During World War II, the business boomed from the demand brought about by the war. Under Harold Hochschild's tenure, AMCO expanded into petroleum, potash, and silver. In 1947, Harold was elected as board chairman. In 1950, he was replaced as president by his brother, Walter Hochschild.

===Merger===
In 1957, Hans Vogelstein, nephew of Ludwig Vogelstein, was named president. The same year, Hans Vogelstein orchestrated the merger of the American Metal Company with the Climax Molybdenum Company. The new entity was renamed AMAX Inc., and Harold Hochschild retired as director.

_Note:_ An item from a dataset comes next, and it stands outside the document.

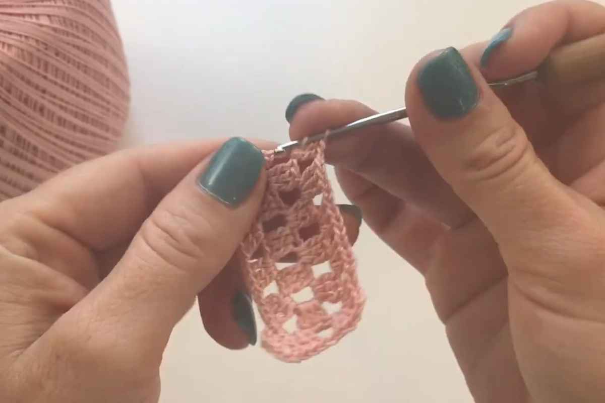 - Row 26: Chain 1, single crochet in the first 5 stitches, chain 4 (this will be the buttonhole), skip 4 stitches, single crochet in the last 5 stitches. Turn your work.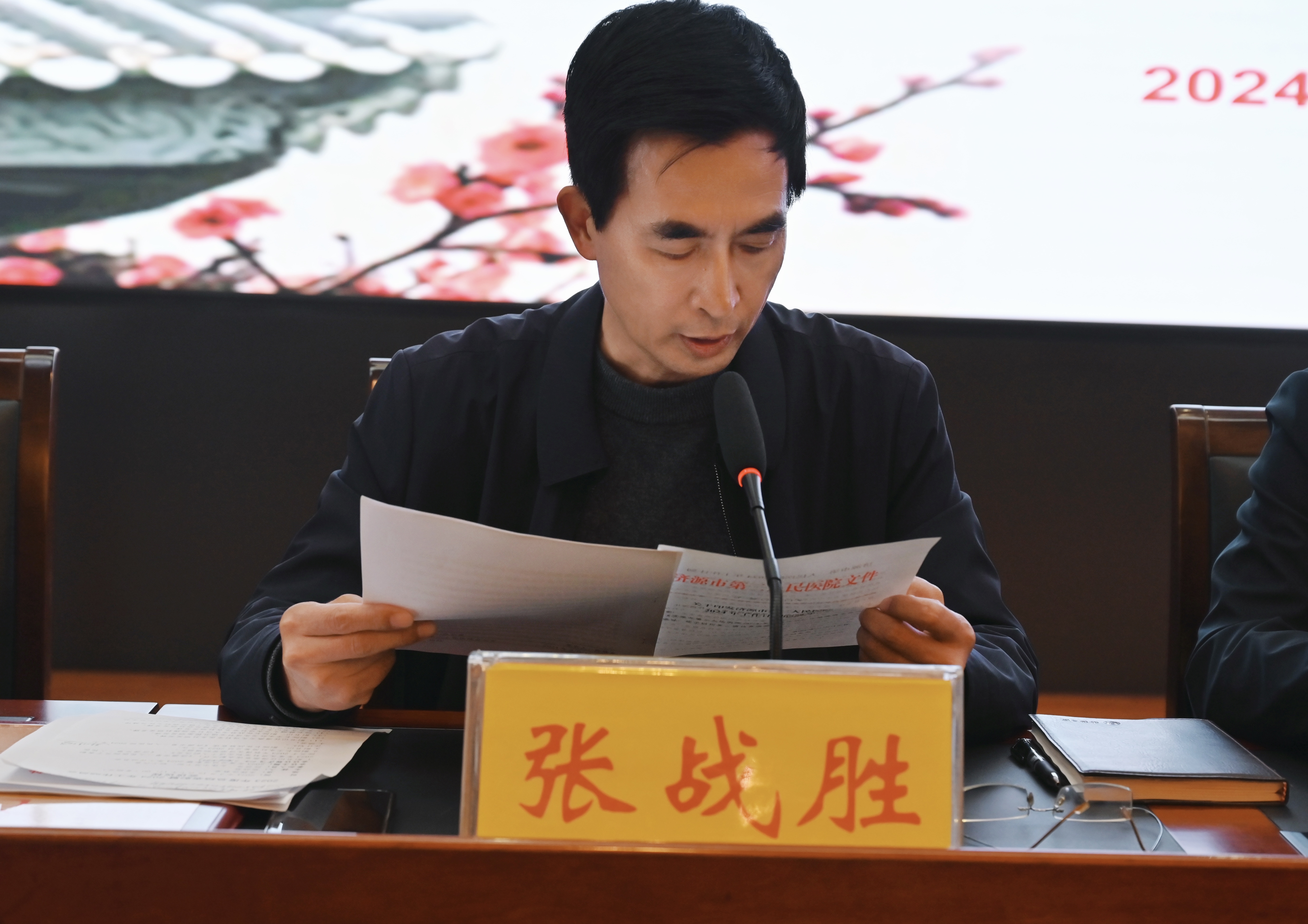 副书记、副院长张战胜宣读《济源市第二人民医院2024年工作计划》。2024年是我院落实提档升级工作,推进公立医院高质量发展的重要一年,我院将在示范区卫健委党组的正确领导下,灵活施策推动重点工作再深化;以医药护技助推综合实力再提升;聚焦提档升级推动学科建设再提速;落实全面从严治党推动红色引擎再升级。

In 1959, Hans Vogelstein resigned and was replaced by Franklin Coolbaugh. In 1993, AMAX merged with the Cyprus Mines Corporation to form Cyprus Amax Minerals Company, the world's leading producer of molybdenum and lithium and a leading producer of copper and coal. In 1999, Cyprus Amax Minerals was acquired by Phelps Dodge Corporation which in turn was acquired by Freeport-McMoRan (NYSE: FCX) in 2007 to form the world's largest copper producer.